**DIRECTIONS:**
Below are some records. Reproduce them exactly from their first line through the line with "春秋季款女新時尚882735潮流氣質瘦收腰風衣式長顯款綿羊裝皮衣", inclusive.

[Stored dataset items]
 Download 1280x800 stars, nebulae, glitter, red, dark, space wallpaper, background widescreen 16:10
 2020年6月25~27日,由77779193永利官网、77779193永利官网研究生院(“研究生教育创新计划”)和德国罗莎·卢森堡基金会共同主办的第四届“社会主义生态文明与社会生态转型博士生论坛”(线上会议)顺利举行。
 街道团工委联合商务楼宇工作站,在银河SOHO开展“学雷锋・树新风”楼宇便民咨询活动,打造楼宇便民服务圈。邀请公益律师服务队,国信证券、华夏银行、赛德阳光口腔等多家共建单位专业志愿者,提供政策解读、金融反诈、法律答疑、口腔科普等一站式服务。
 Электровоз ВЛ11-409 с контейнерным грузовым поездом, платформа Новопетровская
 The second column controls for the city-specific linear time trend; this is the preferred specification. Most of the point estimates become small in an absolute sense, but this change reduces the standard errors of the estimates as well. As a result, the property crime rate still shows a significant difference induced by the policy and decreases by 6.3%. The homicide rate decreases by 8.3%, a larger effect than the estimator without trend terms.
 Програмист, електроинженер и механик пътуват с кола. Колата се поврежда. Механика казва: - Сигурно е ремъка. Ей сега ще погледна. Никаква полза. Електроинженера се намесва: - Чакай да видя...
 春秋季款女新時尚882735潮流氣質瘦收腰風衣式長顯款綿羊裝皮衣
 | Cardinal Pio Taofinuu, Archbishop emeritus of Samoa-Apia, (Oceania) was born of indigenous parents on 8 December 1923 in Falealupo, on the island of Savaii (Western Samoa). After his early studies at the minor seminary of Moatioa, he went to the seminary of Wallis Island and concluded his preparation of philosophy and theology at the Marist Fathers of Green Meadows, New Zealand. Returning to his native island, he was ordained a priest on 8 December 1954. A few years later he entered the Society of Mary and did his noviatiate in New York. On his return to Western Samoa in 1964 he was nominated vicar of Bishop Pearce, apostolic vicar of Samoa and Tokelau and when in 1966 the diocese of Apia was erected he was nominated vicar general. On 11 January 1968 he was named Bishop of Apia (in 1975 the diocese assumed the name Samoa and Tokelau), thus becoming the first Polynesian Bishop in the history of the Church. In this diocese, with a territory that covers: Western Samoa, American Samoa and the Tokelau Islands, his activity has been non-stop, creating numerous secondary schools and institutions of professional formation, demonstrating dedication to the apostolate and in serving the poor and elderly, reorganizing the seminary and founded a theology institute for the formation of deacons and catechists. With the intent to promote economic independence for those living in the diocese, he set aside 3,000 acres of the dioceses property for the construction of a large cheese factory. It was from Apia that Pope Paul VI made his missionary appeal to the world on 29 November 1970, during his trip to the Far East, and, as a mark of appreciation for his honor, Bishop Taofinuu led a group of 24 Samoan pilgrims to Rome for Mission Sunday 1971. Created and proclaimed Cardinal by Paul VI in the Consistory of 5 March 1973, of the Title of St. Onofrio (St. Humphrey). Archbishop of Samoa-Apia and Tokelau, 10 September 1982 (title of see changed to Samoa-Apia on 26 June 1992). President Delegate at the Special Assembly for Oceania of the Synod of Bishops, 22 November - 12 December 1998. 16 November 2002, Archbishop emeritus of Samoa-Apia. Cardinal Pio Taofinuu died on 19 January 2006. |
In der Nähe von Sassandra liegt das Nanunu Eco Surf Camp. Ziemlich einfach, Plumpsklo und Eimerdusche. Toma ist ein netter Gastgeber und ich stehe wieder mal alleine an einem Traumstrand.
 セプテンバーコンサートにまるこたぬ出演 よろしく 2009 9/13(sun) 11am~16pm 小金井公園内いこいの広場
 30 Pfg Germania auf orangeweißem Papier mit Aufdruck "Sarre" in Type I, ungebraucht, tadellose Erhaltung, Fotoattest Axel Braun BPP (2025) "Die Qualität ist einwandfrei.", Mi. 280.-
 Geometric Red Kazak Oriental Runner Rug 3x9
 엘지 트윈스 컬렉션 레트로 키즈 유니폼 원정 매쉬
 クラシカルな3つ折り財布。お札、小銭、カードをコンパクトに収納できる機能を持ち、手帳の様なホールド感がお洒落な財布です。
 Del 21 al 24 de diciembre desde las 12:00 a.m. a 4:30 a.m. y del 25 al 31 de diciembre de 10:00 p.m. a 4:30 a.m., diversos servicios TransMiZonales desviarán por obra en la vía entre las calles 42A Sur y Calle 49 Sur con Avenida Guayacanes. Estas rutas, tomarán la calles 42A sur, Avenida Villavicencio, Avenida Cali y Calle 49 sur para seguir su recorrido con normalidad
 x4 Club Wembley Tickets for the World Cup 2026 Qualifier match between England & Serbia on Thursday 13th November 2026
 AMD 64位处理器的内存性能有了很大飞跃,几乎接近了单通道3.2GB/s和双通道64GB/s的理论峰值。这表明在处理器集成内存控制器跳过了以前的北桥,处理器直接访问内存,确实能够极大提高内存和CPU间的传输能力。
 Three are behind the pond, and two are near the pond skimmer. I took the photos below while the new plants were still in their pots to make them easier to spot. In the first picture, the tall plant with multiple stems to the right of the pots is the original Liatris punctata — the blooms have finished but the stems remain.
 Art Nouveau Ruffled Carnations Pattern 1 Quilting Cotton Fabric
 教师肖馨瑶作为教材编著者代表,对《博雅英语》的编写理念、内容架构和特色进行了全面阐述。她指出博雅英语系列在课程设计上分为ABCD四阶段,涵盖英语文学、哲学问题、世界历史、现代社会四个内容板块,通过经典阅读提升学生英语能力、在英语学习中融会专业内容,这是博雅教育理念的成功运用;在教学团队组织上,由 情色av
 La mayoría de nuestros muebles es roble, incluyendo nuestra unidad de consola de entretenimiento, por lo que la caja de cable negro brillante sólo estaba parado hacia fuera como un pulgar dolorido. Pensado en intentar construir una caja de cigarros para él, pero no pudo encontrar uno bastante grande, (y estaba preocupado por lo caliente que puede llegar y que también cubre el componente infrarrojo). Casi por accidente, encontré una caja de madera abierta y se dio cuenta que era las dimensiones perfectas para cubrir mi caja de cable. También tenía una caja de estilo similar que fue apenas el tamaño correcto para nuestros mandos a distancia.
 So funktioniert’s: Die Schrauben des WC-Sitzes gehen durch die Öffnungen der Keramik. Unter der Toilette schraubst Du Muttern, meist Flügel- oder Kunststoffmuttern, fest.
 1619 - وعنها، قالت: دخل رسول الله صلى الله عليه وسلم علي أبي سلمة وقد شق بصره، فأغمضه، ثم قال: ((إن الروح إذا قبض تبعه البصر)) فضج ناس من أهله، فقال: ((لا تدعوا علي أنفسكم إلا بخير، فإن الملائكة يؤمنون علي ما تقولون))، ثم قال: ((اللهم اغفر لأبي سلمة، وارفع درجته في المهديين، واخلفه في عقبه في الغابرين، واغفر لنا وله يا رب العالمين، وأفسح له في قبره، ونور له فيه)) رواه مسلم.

**OUTPUT FOR THIS EXERCISE:**
 Download 1280x800 stars, nebulae, glitter, red, dark, space wallpaper, background widescreen 16:10
 2020年6月25~27日,由77779193永利官网、77779193永利官网研究生院(“研究生教育创新计划”)和德国罗莎·卢森堡基金会共同主办的第四届“社会主义生态文明与社会生态转型博士生论坛”(线上会议)顺利举行。
 街道团工委联合商务楼宇工作站,在银河SOHO开展“学雷锋・树新风”楼宇便民咨询活动,打造楼宇便民服务圈。邀请公益律师服务队,国信证券、华夏银行、赛德阳光口腔等多家共建单位专业志愿者,提供政策解读、金融反诈、法律答疑、口腔科普等一站式服务。
 Электровоз ВЛ11-409 с контейнерным грузовым поездом, платформа Новопетровская
 The second column controls for the city-specific linear time trend; this is the preferred specification. Most of the point estimates become small in an absolute sense, but this change reduces the standard errors of the estimates as well. As a result, the property crime rate still shows a significant difference induced by the policy and decreases by 6.3%. The homicide rate decreases by 8.3%, a larger effect than the estimator without trend terms.
 Програмист, електроинженер и механик пътуват с кола. Колата се поврежда. Механика казва: - Сигурно е ремъка. Ей сега ще погледна. Никаква полза. Електроинженера се намесва: - Чакай да видя...
 春秋季款女新時尚882735潮流氣質瘦收腰風衣式長顯款綿羊裝皮衣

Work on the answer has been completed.